TASK STATEMENT:
Give back all of the data exactly, with every picture omitted.

** ENTRIES PROVIDED follows **

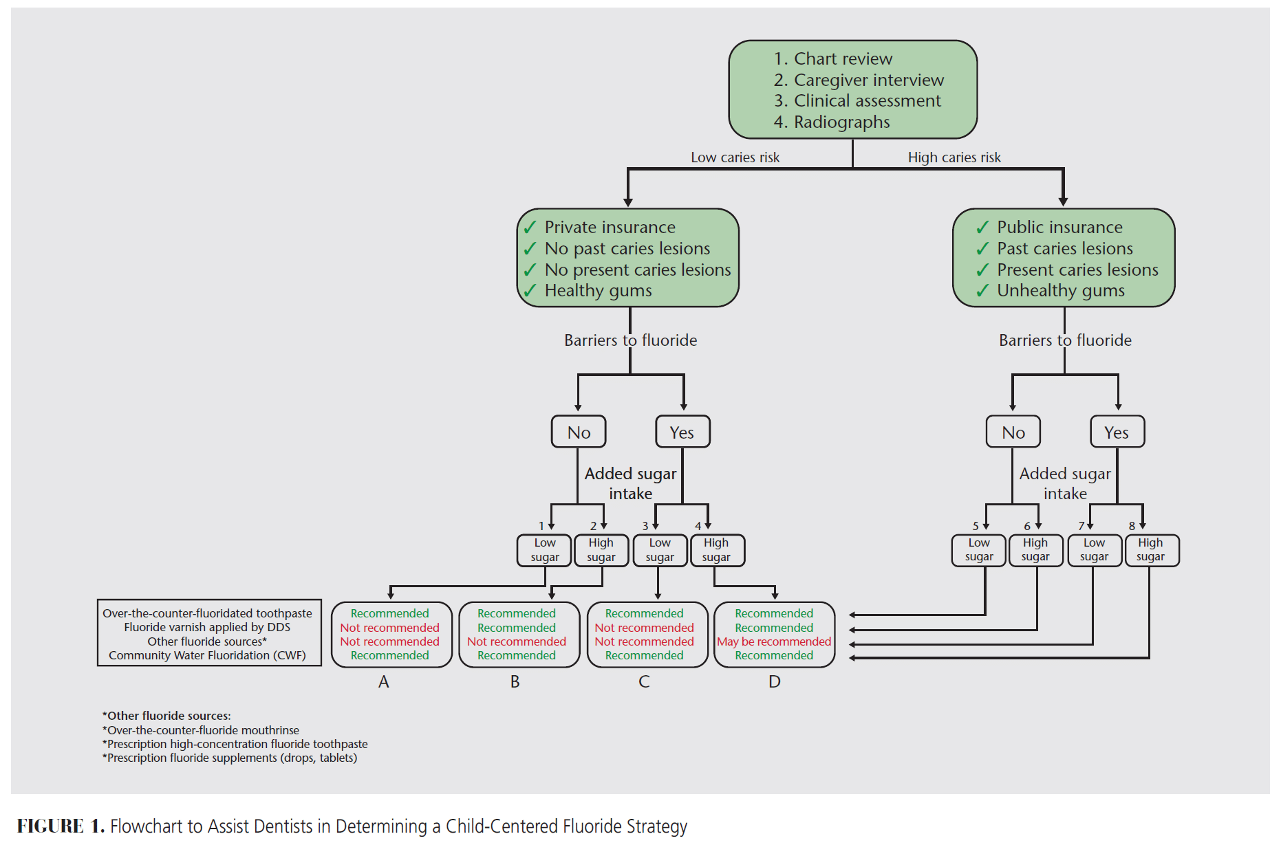 Figure 1 illustrates eight pathways (1 to 8) that lead to four fluoride strategies (A, B, C, and D) based on a child’s caries risk, barriers to fluoride, and added sugar intake. Two common fluoride sources are part of all four fluoride strategies: over-the-counter toothpaste and CWF. These sources provide oral health benefits to all children, regardless of caries risk.17,20 Fluoride toothpastes should be used only after the first tooth has started to erupt into a child’s mouth at around age 6 months.
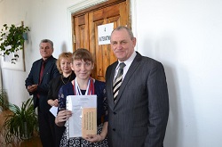 Затем Глава района оценил положение дел в верхнесуерской школе и вручил именную стипендию Чияновой Яне за успехи в спорте, а ребята, в свою очередь, подготовили праздничный номер для стипендиатки.
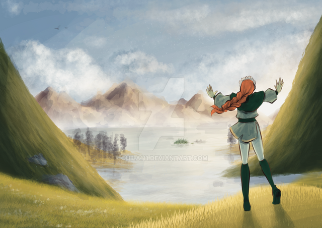 uhmm... I guess I'm trying out a new style?This was super fun to draw ^^ and I need to get myself pumped for writing OD so I drew a scene from my head. This is Ca'el with Ceres' hometown Leith in the background... I guess? I was kinda just drawing stuff.
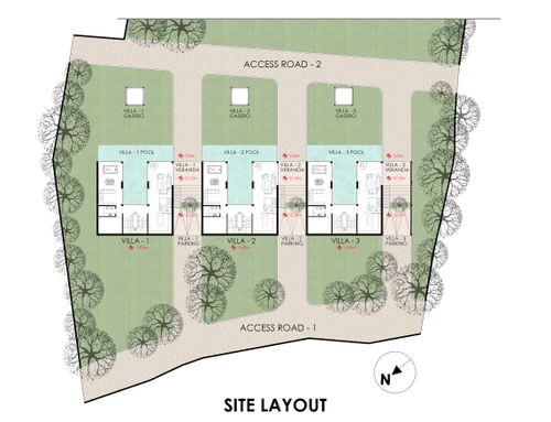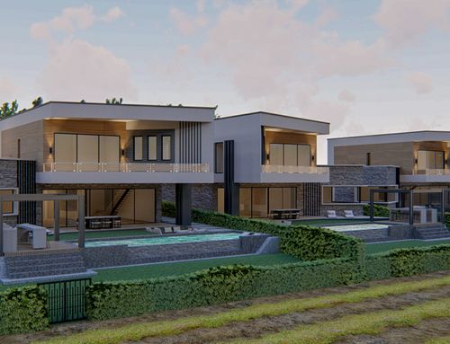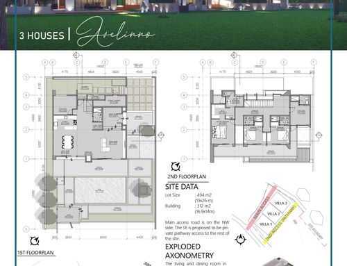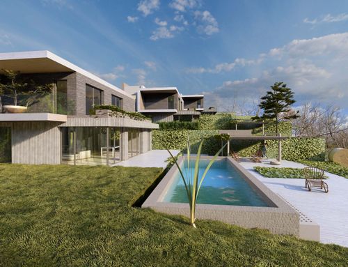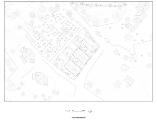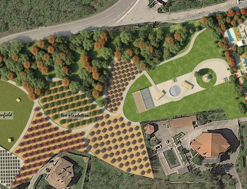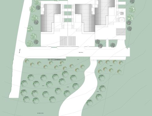 Hi Everyone, we have a lot of about 18.000sqm on which to build 3 adjacent 300sqm villas (150 per floor on two floors). The lot has a slope of 30% -40% in front (to the south) we would like to create an area equipped with gardens and swimming pool while at the end (always to the south, crossing the path to be built indicated in yellow) a space reserved for the garden, fruit and vegetables and even further down to a small farm. The houses are on two levels, the living area on the ground floor and the sleeping area on the first floor, the ground floor partly underground so as not to create cubature. A space for parking cars and for an external gazebo that does not have cubic volume must also be taken into the land.
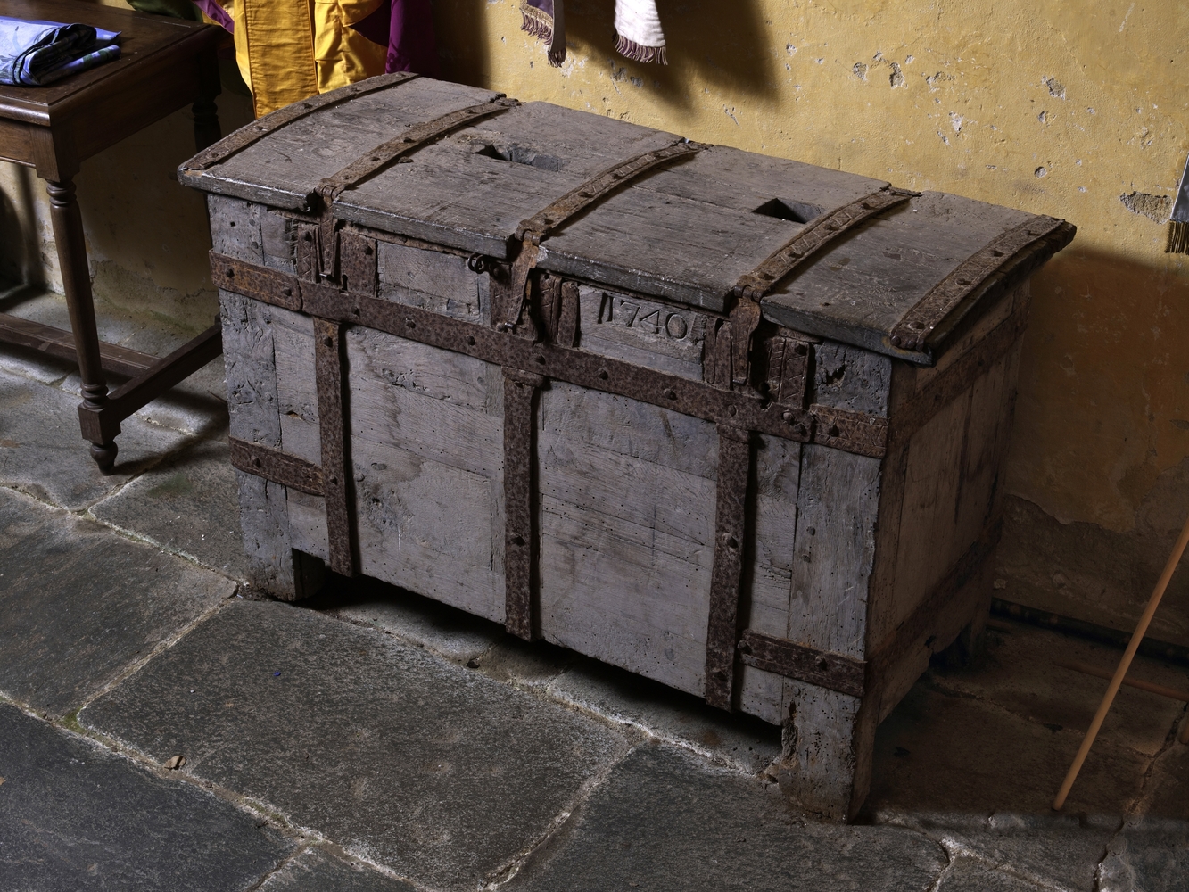 Lanvellec, Saint-Carré : chapelle Notre-Dame-de-Pitié, vue intérieure, coffre-fort de fabrique (administration des finances affectées à la construction et l'entretien d'une église ou d'une chapelle). Il porte la date 1740Immatriculation

** End of ENTRIES PROVIDED **

SOLUTION TO THIS PROBLEM:
 Figure 1 illustrates eight pathways (1 to 8) that lead to four fluoride strategies (A, B, C, and D) based on a child’s caries risk, barriers to fluoride, and added sugar intake. Two common fluoride sources are part of all four fluoride strategies: over-the-counter toothpaste and CWF. These sources provide oral health benefits to all children, regardless of caries risk.17,20 Fluoride toothpastes should be used only after the first tooth has started to erupt into a child’s mouth at around age 6 months.
 Затем Глава района оценил положение дел в верхнесуерской школе и вручил именную стипендию Чияновой Яне за успехи в спорте, а ребята, в свою очередь, подготовили праздничный номер для стипендиатки.
 uhmm... I guess I'm trying out a new style?This was super fun to draw ^^ and I need to get myself pumped for writing OD so I drew a scene from my head. This is Ca'el with Ceres' hometown Leith in the background... I guess? I was kinda just drawing stuff.
 Hi Everyone, we have a lot of about 18.000sqm on which to build 3 adjacent 300sqm villas (150 per floor on two floors). The lot has a slope of 30% -40% in front (to the south) we would like to create an area equipped with gardens and swimming pool while at the end (always to the south, crossing the path to be built indicated in yellow) a space reserved for the garden, fruit and vegetables and even further down to a small farm. The houses are on two levels, the living area on the ground floor and the sleeping area on the first floor, the ground floor partly underground so as not to create cubature. A space for parking cars and for an external gazebo that does not have cubic volume must also be taken into the land.
 Lanvellec, Saint-Carré : chapelle Notre-Dame-de-Pitié, vue intérieure, coffre-fort de fabrique (administration des finances affectées à la construction et l'entretien d'une église ou d'une chapelle). Il porte la date 1740Immatriculation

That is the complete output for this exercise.